All’indomani della scomparsa di Benedetto XVI, il suo segretario personale, Mons. Georg Gaenswein, è stato naturalmente molto sollecitato dai media per raccontare gli ultimi istanti di vita del Papa Emerito e i trascorsi più significativi inaugurati al Dicastero per la Dottrina della Fede prima, al Palazzo Apostolico poi e finalmente nel monastero Mater Ecclesiae in Vaticano.

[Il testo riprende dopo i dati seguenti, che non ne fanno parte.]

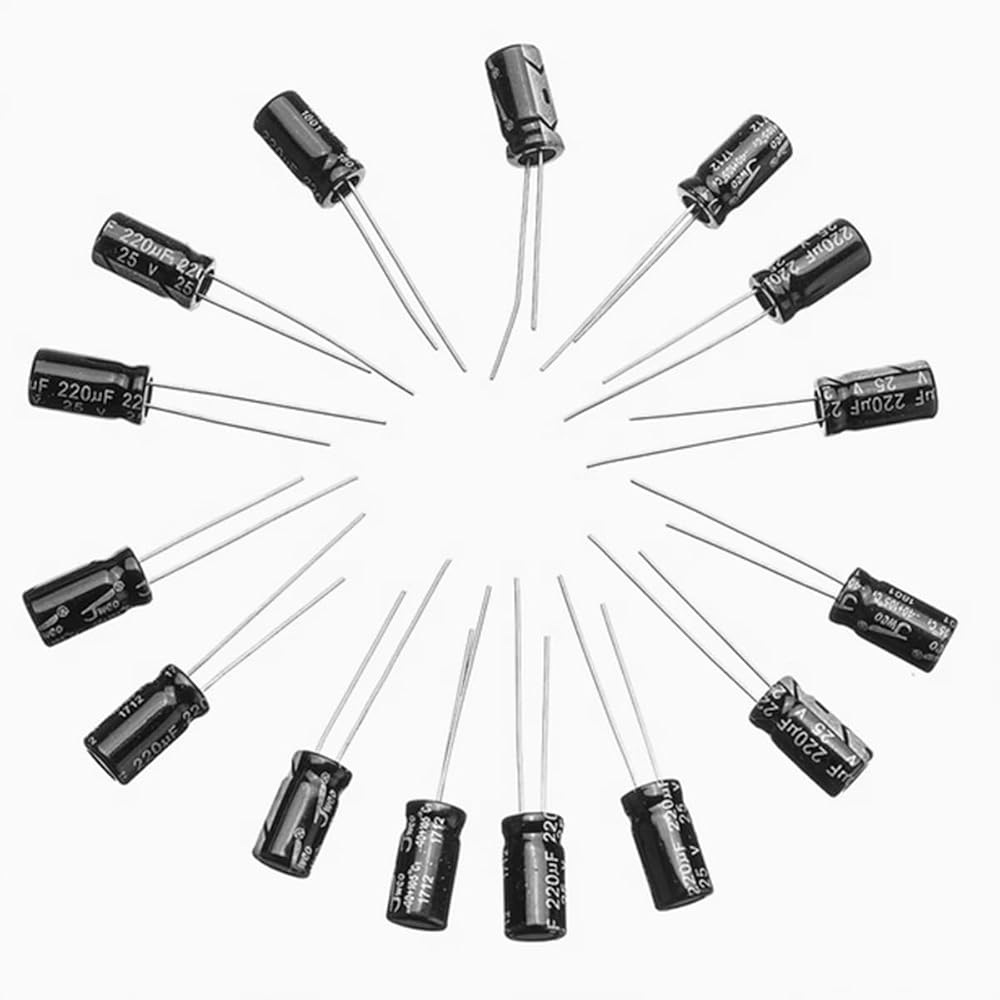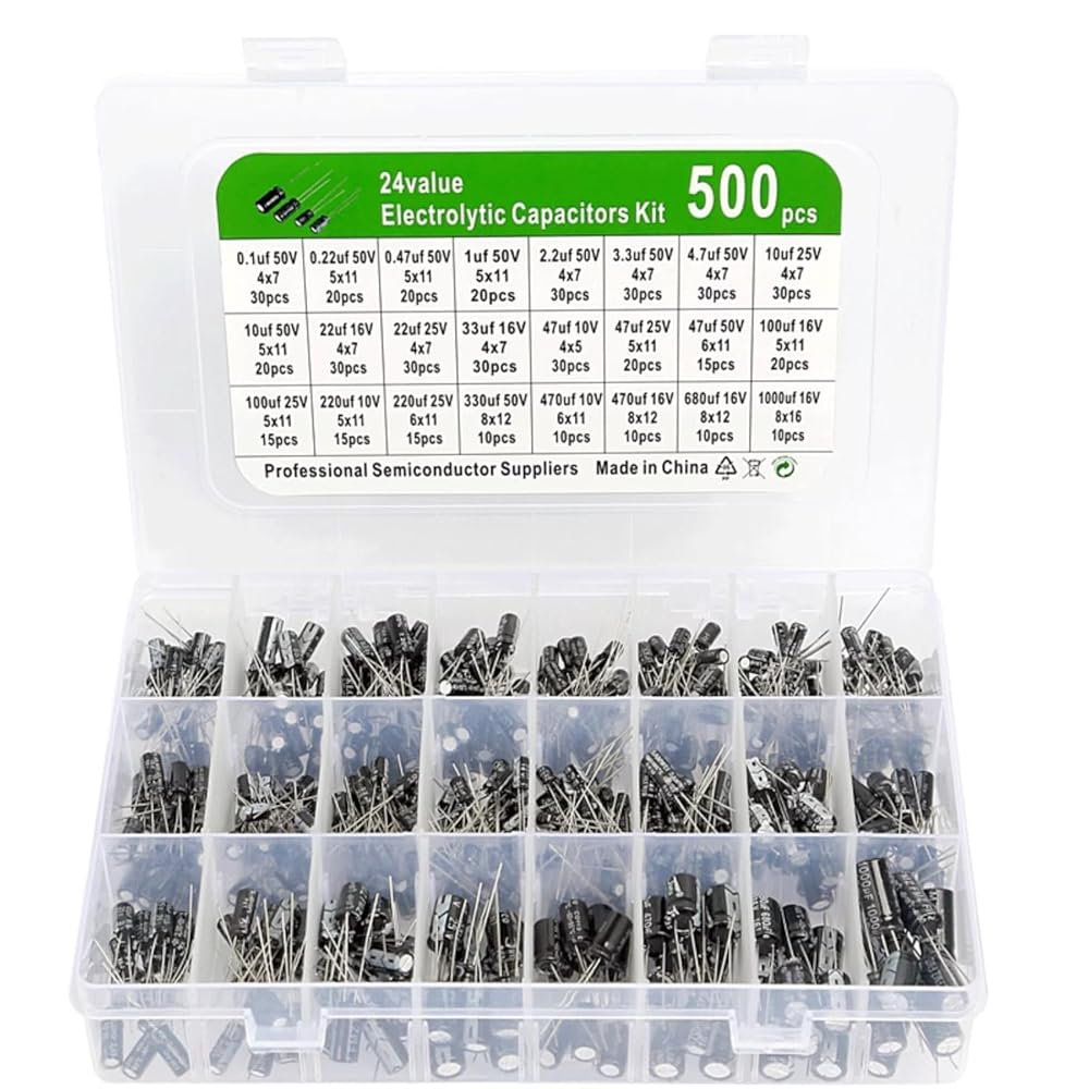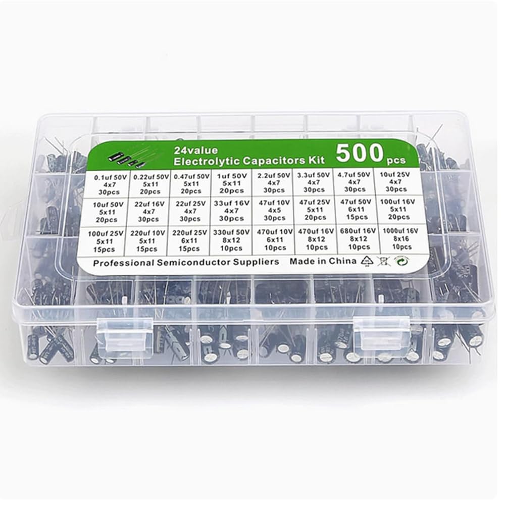 • مجموعة شاملة: تحتوي على 500 مكثفات كهربائية من الألومنيوم في 24 مواصفات مختلفة تتراوح من 0.1 فولت إلى 1000 فور.

In un’intervista a Guido Horst pubblicata alla vigilia dei solenni funerali dal giornale tedesco Die Tagespost, Mons. Gaenswein ha voluto anche aggiungere considerazioni personali, che non potranno più essere contraddette o confermate dal defunto, toccando il tema della liturgia preconciliare.
“Credo che il motu proprio (Traditionis Custodes ndr) abbia spezzato il cuore di papa Benedetto”.
Sono conclusioni soggettive che già stanno alimentano veleni nella Curia e polarizzazioni all’interno del mondo cattolico.
Tra Papa Francesco e il suo predecessore Benedetto XVI i rapporti si erano sempre mantenuti fraterni e collaborativi.
Non è utile in questo momento ritornare su una questione che aveva fatto sentire gli ultratradizionalisti legittimati nella loro opposizione alla lex orandi del Rito Romano che trova l’unica espressione nei libri liturgici promulgati dai santi Pontefici Paolo VI e Giovanni Paolo II, in conformità ai decreti del Concilio Vaticano II.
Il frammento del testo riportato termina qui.